Li um livro com o estranho nome de Memento Mori. É de uma escritora escocesa chamada Muriel Spark. Memento mori, em latim, significa: lembre-se de que vai morrer.
O romance gira em torno de um grupo de anciões ingleses. Uns deles recebem telefonemas anônimos em que é dito simplesmente: “Lembre-se de que você vai morrer”. Memento mori.
Um velhinho, ou uma velhinha, diz que essa reflexão deveria ser feita diariamente por quem é jovem. Parece mórbido, mas é exatamente o oposto. Quanto mais se pensa na morte, quanto mais se medita sobre ela, menos aterrorizadora ela nos parece.
Memento mori. Lembrarmo-nos de que vamos morrer é um antídoto contra esse terror de cada minuto.
E então volto ao campo das relações sentimentais. Viver cada dia como se fosse o último vai fazer você não deixar para dizer amanhã as coisas que tem para dizer para ela. Vai fazê-lo dar um beijo não automático nem monocórdio, mas intenso e definitivo.
Vai estimular um gesto de conciliação depois de uma das tantas brigas sem sentido que travamos com quem amamos. Vai conduzir você a uma floricultura para comprar flores que há tanto tempo saíram do seu decrescente repertório de gentilezas.
Vai talvez levar você até a ver com um certo encanto o ato de empurrar um carrinho de supermercado no sábado de manhã enquanto ela trata de enchê-lo lenta mas seguramente.
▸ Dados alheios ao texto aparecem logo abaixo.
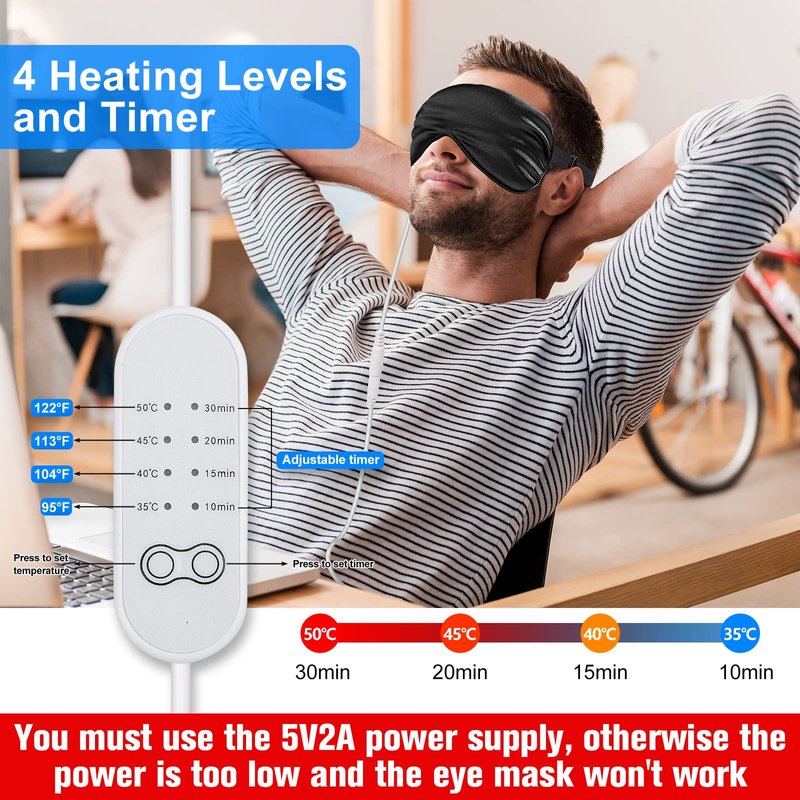- What you get: you will get 2 pieces of silk heated eye masks and 2 pieces of USB cables, the soothing warmth helps you go into a deep sleep at home, take a rest for eyes at the office, enjoy yourself on travel and have an eye spa in the hotel; Warm note: the eye mask is compatible with a 5V2A power supply, otherwise it might not work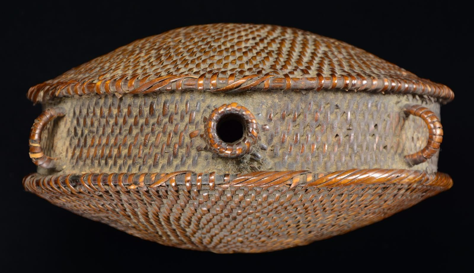 Lot 3226 MID-19th CENTURY WOVEN WICKER OR GRASS CANTEEN.

Viver cada dia como se fosse o último vai fazer você dar o devido valor às pequenas coisas boas que juntos os dois conquistaram e também o devido valor às pequenas coisas ruins para as quais acabaram atribuindo um tamanho desmedido.
Talvez faça você viver um eterno verão sentimental até que, e isso é inevitável, gostemos ou não, surjam diante do casal os tempos frios e cruéis do nunca mais, nunca mais, nunca mais.